Pedrinhas é o igarapé da minha infância, dos meus primeiros anos no Centro Novo. Criado sozinho, como Deus cria batatas na beira do rio, lembro que ia pra lá e passava manhãs ou tardes ou dias inteiro banhando nele. Quando mais cheio, usava uma bóia de pneu velho.
Desde sempre fez parte da minha história.
Conta a lenda que quando vim ao mundo, em um dia de domingo, minha mãe deu à luz sozinha pois todos da casa estava para o igarapé, as mulheres voltadas para lavar as roupas e os demais, homens, meninos usando suas águas para a diversão. Quando a parteira chegou lá estava eu pronto para as batalhas que viriam – e não seriam poucas.
As lembranças que tenho dos meus primeiros anos são de um igarapé perene, com boa água o ano todo, usadas para tudo: dar banho nos animais, nós mesmos banharmos, lavar as roupas, pescar umas piabas, e tantas outras coisas.
As águas do Pedrinhas só não eram utilizadas para beber, para este fim, utilizávamos as águas de um poço cacimba, escavado com capricho e revestido até o fundo com tábuas de madeira; uma gangorra feita por marceneiro dedicado compunha a estrutura para a captação da água utilizada para beber e cozinhar.
Imagino que recebeu esse nome devido as pedrinhas que cobriam todo o seu leito, em tamanhos diversos e que pareciam ter sido polidas à mão.
Uma conversa de adultos entreouvida punha a imaginação em curso. Certa vez ouvi: — fulano foi preso e levado a Pedrinhas. Pensava qual o problema de ficar preso em Pedrinhas? Gosto tanto de lá. Na minha mente infantil, a única referência que tinha de Pedrinhas era a do “meu igarapé” favorito.
O igarapé corria pelas terras de meu pai, ao pé da serra onde passava os dias a passarinhar ou a procura dos ninhos – não tenho lembranças de sua nascente.

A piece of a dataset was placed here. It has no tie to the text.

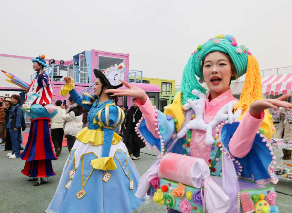 值得一提的是,园区重金打造的新春演艺矩阵成为一大亮点,各类沉浸式表演轮番上演,让游客沉浸式感受新春的欢乐氛围。国家级非物质文化遗产“火龙钢花”惊艳亮相,1500多度的铁水被匠人奋力击打,化作漫天星火,赤膊汉子手舞巨龙在火海中腾跃,呈现出“人在龙中舞,龙在火中飞”的震撼景象,让游客近距离感受非遗技艺的千年魅力;来自俄罗斯的穆特玛特舞团带来热情奔放的异域舞蹈,舞步轻盈灵动,尽显异国风情;花美男组合与女团的精彩演艺则点燃全场热情,劲歌热舞间传递出青春活力,引发阵阵欢呼。

Correndo às margens da estrada por entre o capim, o Pedrinhas ganhava corpo numa espécie de várzea que ficava abaixo de um curral ao lado de casa. Era nesse local que o utilizávamos para o lazer.
Com o passar dos anos as águas foram escasseando, o igarapé deixou de ser perene – acredito que a estiagem, o desmatamento, a ocupação, tenham “matado” suas nascentes –, ainda assim, no inverno, usávamos suas águas para as brincadeiras.
Foi por esse tempo, fins dos anos setenta para oitenta, que para ter uma outra reserva de água para os animais e para o uso doméstico, que meu pai contratou umas horas de trator e fez um açude grande que recebia parte das águas do Pedrinhas no inverno.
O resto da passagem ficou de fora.